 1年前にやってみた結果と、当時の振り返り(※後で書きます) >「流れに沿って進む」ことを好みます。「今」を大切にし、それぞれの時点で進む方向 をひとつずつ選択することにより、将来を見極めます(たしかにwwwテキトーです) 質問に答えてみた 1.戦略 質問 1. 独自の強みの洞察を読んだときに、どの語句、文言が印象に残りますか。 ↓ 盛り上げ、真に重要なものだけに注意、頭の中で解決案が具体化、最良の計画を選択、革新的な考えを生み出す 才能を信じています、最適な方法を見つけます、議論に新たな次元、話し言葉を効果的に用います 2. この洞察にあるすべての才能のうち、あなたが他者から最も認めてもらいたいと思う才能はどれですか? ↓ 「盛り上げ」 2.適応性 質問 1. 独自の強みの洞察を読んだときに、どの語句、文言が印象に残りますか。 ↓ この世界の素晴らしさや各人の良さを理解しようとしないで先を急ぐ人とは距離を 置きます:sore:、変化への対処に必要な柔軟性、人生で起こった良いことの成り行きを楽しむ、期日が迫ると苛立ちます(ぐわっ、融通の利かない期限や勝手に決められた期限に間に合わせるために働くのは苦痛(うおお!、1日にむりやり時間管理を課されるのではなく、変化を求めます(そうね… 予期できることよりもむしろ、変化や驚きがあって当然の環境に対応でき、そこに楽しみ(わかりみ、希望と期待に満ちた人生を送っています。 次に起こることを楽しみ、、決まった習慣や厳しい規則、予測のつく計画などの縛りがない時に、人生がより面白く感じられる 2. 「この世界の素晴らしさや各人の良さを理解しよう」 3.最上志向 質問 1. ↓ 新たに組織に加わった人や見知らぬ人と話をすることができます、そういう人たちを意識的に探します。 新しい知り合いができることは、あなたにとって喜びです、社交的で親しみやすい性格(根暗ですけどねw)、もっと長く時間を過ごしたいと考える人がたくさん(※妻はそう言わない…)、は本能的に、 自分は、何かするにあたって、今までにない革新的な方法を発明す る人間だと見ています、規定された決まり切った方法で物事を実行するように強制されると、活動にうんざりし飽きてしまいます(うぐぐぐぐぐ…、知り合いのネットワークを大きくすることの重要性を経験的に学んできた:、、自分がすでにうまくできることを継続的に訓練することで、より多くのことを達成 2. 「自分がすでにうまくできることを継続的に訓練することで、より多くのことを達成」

* * *

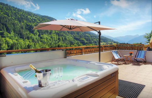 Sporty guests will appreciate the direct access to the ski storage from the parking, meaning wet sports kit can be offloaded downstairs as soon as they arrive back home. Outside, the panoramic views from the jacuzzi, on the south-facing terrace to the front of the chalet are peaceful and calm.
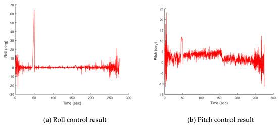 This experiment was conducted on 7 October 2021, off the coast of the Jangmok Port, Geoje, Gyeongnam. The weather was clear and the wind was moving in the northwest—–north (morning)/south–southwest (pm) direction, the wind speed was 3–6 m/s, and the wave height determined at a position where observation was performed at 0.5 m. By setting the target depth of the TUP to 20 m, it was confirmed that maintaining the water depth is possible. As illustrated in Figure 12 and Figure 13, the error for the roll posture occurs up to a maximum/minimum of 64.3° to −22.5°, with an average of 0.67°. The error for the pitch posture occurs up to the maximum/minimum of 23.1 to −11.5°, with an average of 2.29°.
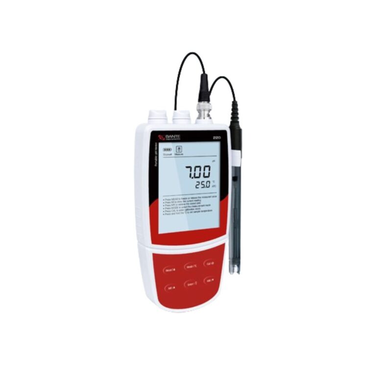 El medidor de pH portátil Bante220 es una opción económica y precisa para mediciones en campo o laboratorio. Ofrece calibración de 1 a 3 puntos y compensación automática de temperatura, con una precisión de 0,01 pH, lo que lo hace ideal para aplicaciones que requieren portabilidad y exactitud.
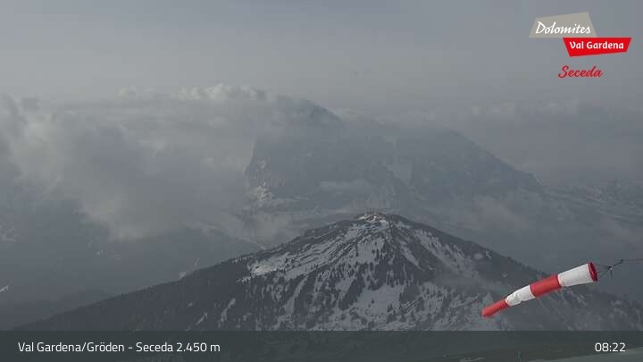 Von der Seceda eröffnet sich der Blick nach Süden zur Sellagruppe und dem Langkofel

▶ PROBLEM DESCRIPTION:
Within the listing above, the lines from the one with "This experiment was" through the one with "Von der Seceda" are to be given again word for word. Do not include pictures.

▶ ANSWER TO THE PROBLEM:
 This experiment was conducted on 7 October 2021, off the coast of the Jangmok Port, Geoje, Gyeongnam. The weather was clear and the wind was moving in the northwest—–north (morning)/south–southwest (pm) direction, the wind speed was 3–6 m/s, and the wave height determined at a position where observation was performed at 0.5 m. By setting the target depth of the TUP to 20 m, it was confirmed that maintaining the water depth is possible. As illustrated in Figure 12 and Figure 13, the error for the roll posture occurs up to a maximum/minimum of 64.3° to −22.5°, with an average of 0.67°. The error for the pitch posture occurs up to the maximum/minimum of 23.1 to −11.5°, with an average of 2.29°.
 El medidor de pH portátil Bante220 es una opción económica y precisa para mediciones en campo o laboratorio. Ofrece calibración de 1 a 3 puntos y compensación automática de temperatura, con una precisión de 0,01 pH, lo que lo hace ideal para aplicaciones que requieren portabilidad y exactitud.
 Von der Seceda eröffnet sich der Blick nach Süden zur Sellagruppe und dem Langkofel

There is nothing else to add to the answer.